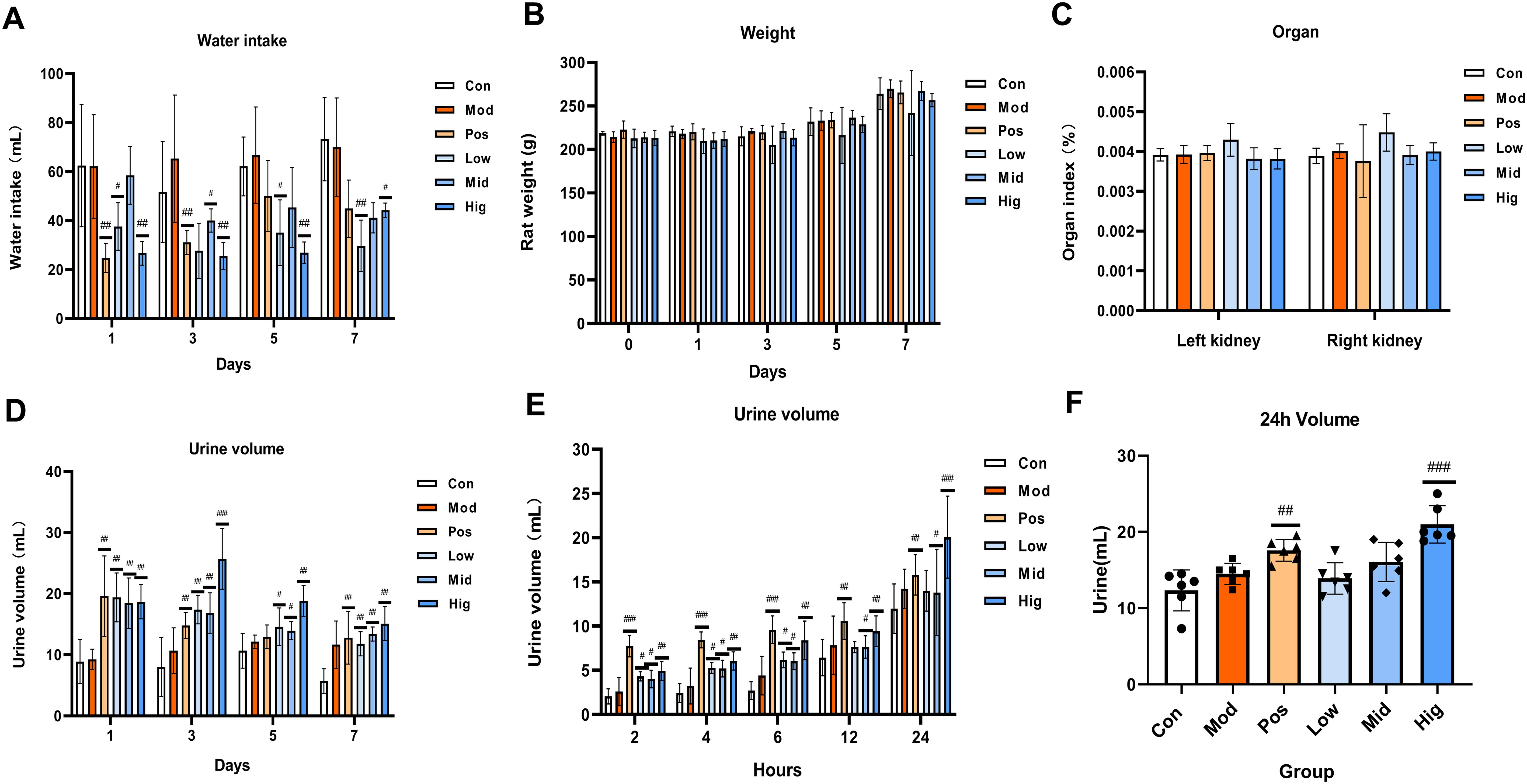 Prior to the final drug administration, all animals were fasted for 12 h with ad libitum water access. Following suprapubic compression to empty bladder residual urine, rats received 25 mL/kg 0.9% NaCl via oral gavage to establish the water-loading model. After 30 min, the model group and treatment groups received their respective drug solutions via oral gavage and were then transferred to metabolic cages. Urine was collected at 1, 2, 4, 6, 12, and 24 h for the detection of urinary indicators. After 24 h, rats were anesthetized by intraperitoneal injection of 10% chloral hydrate. Blood was collected via abdominal aorta, allowed to clot for 1 hour at room temperature, and then centrifuged at 13,000 rpm for 15 min to isolate serum. Throughout the treatment period, daily observations included mental state, food intake, spontaneous activity, and coat condition. Body weight, water intake, and urine output were measured on days 0, 1, 3, 5, and 7 before treatment.
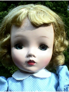 From the mid 50s, she's all hard plastic except for vinyl arms with are jointed at the elbows. Also jointed at the knees. All original and very close to mint.
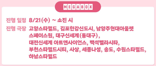 8.21~ 8/27 (또는 소진 시, 극장 종류마다 다르니 확인하셔요)
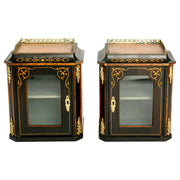 Handsome pair of 19th century Italian wall vitrines. Each petite cabinet features beautiful marquetry, bronze ormolu, glass door and single shelf.
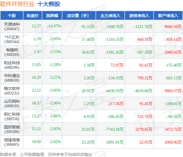 个股表现方面,软件开发行业当日领跌股为天源迪科(300047),该股当日报收12.27,下跌14.97%,成交量91.31万,主力资金净流出7438.78万元。*ST立方(300344)以下跌3.95%紧随其后,该股当日成交量57.48万,主力资金净流出1510.33万元。除此之外,有棵树(300209)、和达科技(688296)、中科通达(688038)均进入当日熊股之列。具体个股列表见下表:
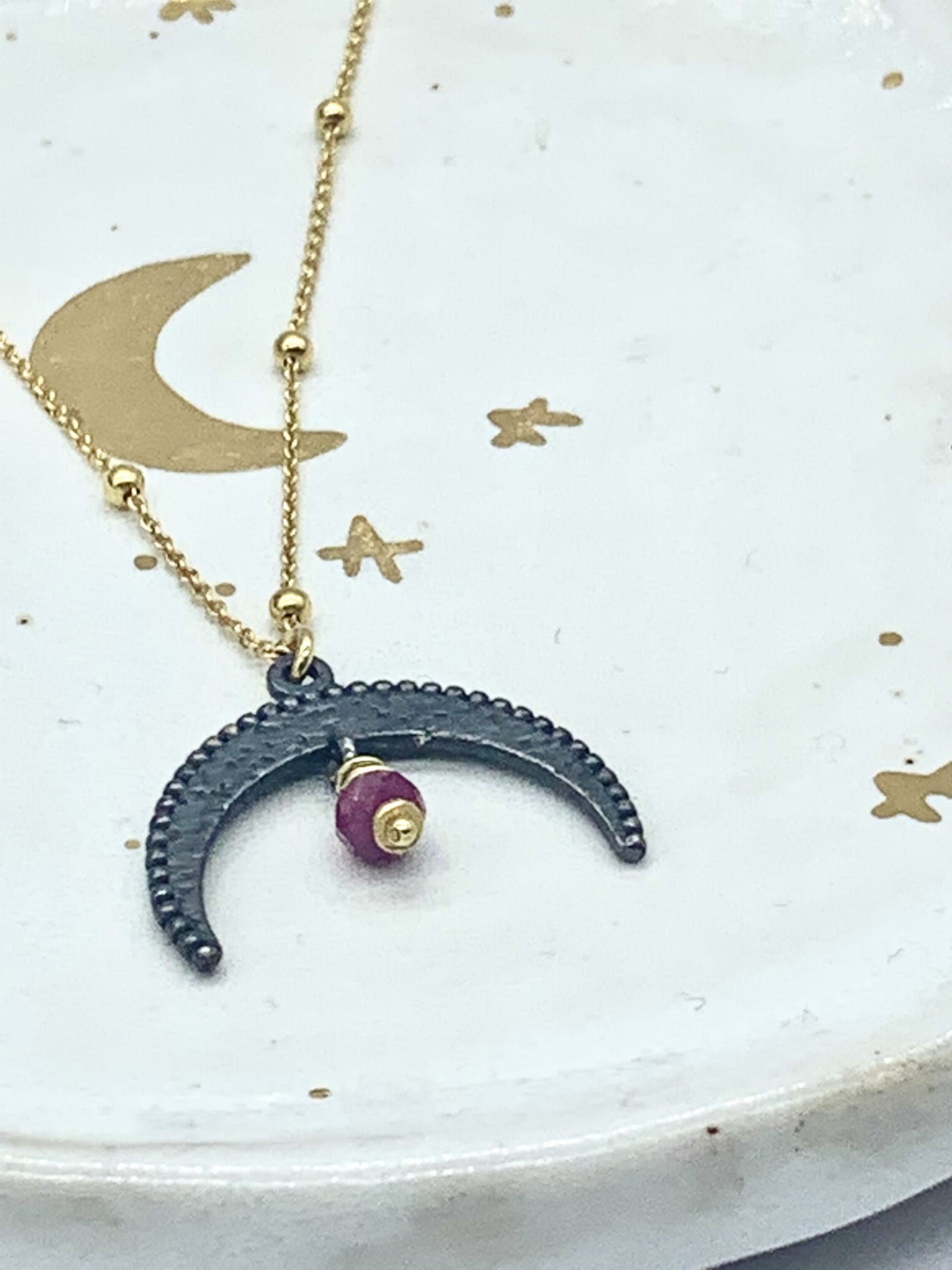 Naszyjnik z łańcuszka z kuleczkami  z zawieszoną filigranowa Lunulą Księżycem - słowniańskim symbolem kobiecości.

* DIRECTIONS: Be exact. Write out all the entries and omit the pictures.

* SOLUTION TO THIS TASK:
 Prior to the final drug administration, all animals were fasted for 12 h with ad libitum water access. Following suprapubic compression to empty bladder residual urine, rats received 25 mL/kg 0.9% NaCl via oral gavage to establish the water-loading model. After 30 min, the model group and treatment groups received their respective drug solutions via oral gavage and were then transferred to metabolic cages. Urine was collected at 1, 2, 4, 6, 12, and 24 h for the detection of urinary indicators. After 24 h, rats were anesthetized by intraperitoneal injection of 10% chloral hydrate. Blood was collected via abdominal aorta, allowed to clot for 1 hour at room temperature, and then centrifuged at 13,000 rpm for 15 min to isolate serum. Throughout the treatment period, daily observations included mental state, food intake, spontaneous activity, and coat condition. Body weight, water intake, and urine output were measured on days 0, 1, 3, 5, and 7 before treatment.
 From the mid 50s, she's all hard plastic except for vinyl arms with are jointed at the elbows. Also jointed at the knees. All original and very close to mint.
 8.21~ 8/27 (또는 소진 시, 극장 종류마다 다르니 확인하셔요)
 Handsome pair of 19th century Italian wall vitrines. Each petite cabinet features beautiful marquetry, bronze ormolu, glass door and single shelf.
 个股表现方面,软件开发行业当日领跌股为天源迪科(300047),该股当日报收12.27,下跌14.97%,成交量91.31万,主力资金净流出7438.78万元。*ST立方(300344)以下跌3.95%紧随其后,该股当日成交量57.48万,主力资金净流出1510.33万元。除此之外,有棵树(300209)、和达科技(688296)、中科通达(688038)均进入当日熊股之列。具体个股列表见下表:
 Naszyjnik z łańcuszka z kuleczkami  z zawieszoną filigranowa Lunulą Księżycem - słowniańskim symbolem kobiecości.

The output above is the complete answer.